I arrived at Mary’s home in West London in the morning. I could immediately see she was a very genuine and kind person, as well as being very photogenic. For some reason I was in a bit of a rush that day and hadn’t had any breakfast, but she was fine with me tucking into a bowl of cereal in her kitchen. Then other people involved in the shoot started arriving, including the hair and make-up people, and Red’s picture editor.
The magazine’s plans for the shoot had sounded straightforward, but as is often the case, things didn’t run as smoothly as anticipated.
In the studio
I started by photographing Mary in her garden, and although she was willing to pose, it was clear she wasn’t someone who spends hours gardening. Also, the garden itself, which was behind her terraced house, was quite small and all the light was coming from above. That made it tricky to make a nice portrait, even with my assistant holding a reflector below. I ended up doing lots of shots of her looking up towards the light, to get a more flattering perspective.
The second part of the shoot took place at the ITN building in London’s Gray’s Inn Road.
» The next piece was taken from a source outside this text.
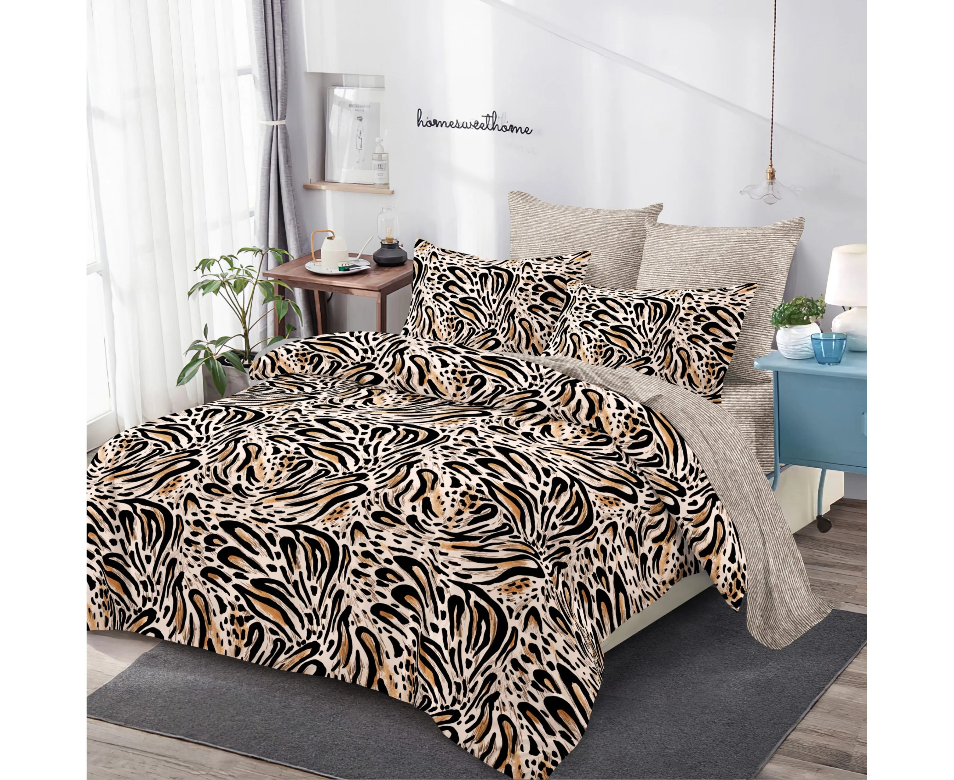 Lenjerie de pat realizata din bumbac finet - 6 Piese (cearsaf de pat cu elastic)

We started in the television studio, which had a green- screen background and all the associated behind-the-scenes electronic equipment and cables. I liked the idea of showing the messy reality of a TV studio that seems so polished when we see it on TV, but also creating some sense of order out of that visual chaos.
Then, when we started shooting with Mary in front of a television camera and a monitor behind, it gave me an idea for a shot that would include all those elements. There are certain other photographers’ pictures that are lodged in my memory bank and which, sometimes, subconsciously reference in my own work.
A picture I love was one taken by Brian Griffin of George Cooper, then the managing director of Thames Television. He’s standing on a TV studio balcony with his back to the camera, but he’s also being filmed by a TV camera and his face is shown in profile on a screen in the foreground. I like the frame-within-a-frame idea – being able to see someone simultaneously from two different angles in the same picture.
When I saw the monitor I decided to incorporate that idea into my portrait of Mary. Once she was in position against the green screen, I asked the cameraman to zoom in on her eyes, which made it a strange Orwellian kind of picture. I tried various combinations of studio equipment in the frame, but I liked the main image, above, the most.
The faint ‘X’ directly above her head marks the place where she had to stand to read the news. I intentionally left it in because those things show how locked down things are in a television studio.
Office space
I shot everything on the day using my Canon EOS 5D Mark II with a 50mm lens. I took some pictures in the studio with flash, while for others I asked a technician to put the studio lights on Mary – a hard light directly on her, and a hair light.
For the final part of the shoot I was supposed to take pictures during an ITN editorial meeting, but I wasn’t allowed in. So instead, I photographed Mary at her desk in the newsroom, looking at screens or reading newspapers. It’s tough to get a strong picture in an office, and in this case the light was poor and there was no room to set up any flash. However, it was just starting to dawn on me that I could get away with using high ISOs with the new digital SLRs, so I shot them with the available light and the 50mm lens wide open. I moved around and photographed her from different angles, and was pleasantly surprised by the results.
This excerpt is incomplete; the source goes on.